Direct connections with the slave past are scarce, with very few artefacts having been preserved. Personal stories have largely been lost to archiving, and where they have been pieced together have not captured popular imagination, partly due to some of the aforementioned patterns. For those who wish to look, the legacies of slavery can though be found in the built environment, in market squares, in the bells on wine estates which used to dictate the working day for the enslaved, and in former slave quarters, albeit often coalescing with the quotidian to the point where these links are buried. They can also be traced in customs and people. As the 2017 exhibition “My Naam is Februarie” emphasised, the surnames of many inhabitants of the Western Cape and wider country carry links to slavery, in particular where their surname is the name of a month.
Events centred around New Year represent another link. In 1674, the governor of the Dutch Cape Colony decided to include enslaved people in culturally significant New Year celebrations. 2 January became a rare day of rest for such people, and over time came to be defined by lively celebrations with enslaved people in Cape Town joined by those from the surrounding rural hinterland who had travelled with their owners as they too celebrated New Year. These festivities were maintained after emancipation in 1838, and indeed with emancipation taking place on 1 December, celebration of both events merged to an extent.
Celebrations over time formed the Kaapse Klopse (Cape Minstrel Carnival) which takes place annually in late December and early January today. The enslaved and later formerly enslaved, together with exiles and others who formed Cape Town’s working classes, originally sang a primarily European repertoire of songs. This was expanded by American minstrel groups who began visiting in 1848 with popular songs and beguiling performances. Local performers soon drew inspiration from these visitors.

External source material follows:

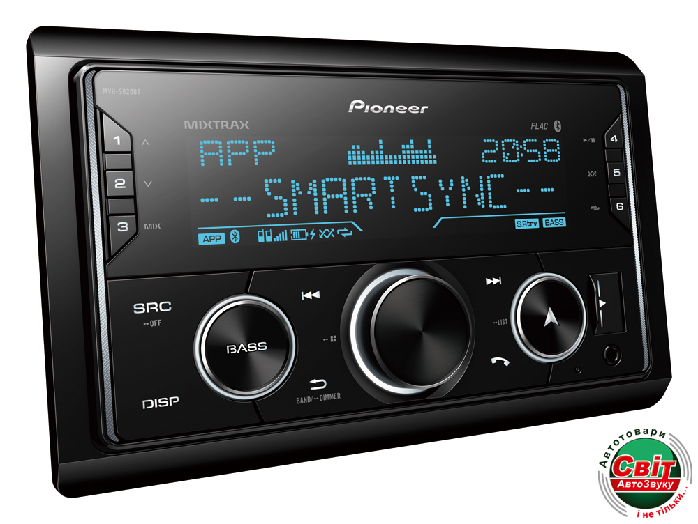 Автомагнітола Pioneer MVH-S620BTЦе надійний цифровий медіа-ресивер від бренду Pioneer, з модулем Bluetooth, Spotify, Pioneer Smart Sync, USB портом і повним суміщенням з пристроями Apple і Android.

The carnival survived the apartheid era, though not without state influence. As a custom associated with what became defined as the ‘coloured’ population, it formed part of the government’s attempts to create a ‘Malay’ identity. It became viewed both as a disparaging state imposition which integrated the ‘coon’ stereotype with ‘coloured’ identity, and a means for ‘coloured’ people to assert their place in central Cape Town, at least until marches were banned in 1977 and celebrations moved to stadiums, prior to the reintroduction of marches in 1989. Whilst the links with slavery are not always immediately obvious nowadays, it is nonetheless a significant connection to this past, standing as one of the few direct connections with a slave culture otherwise lost from memory.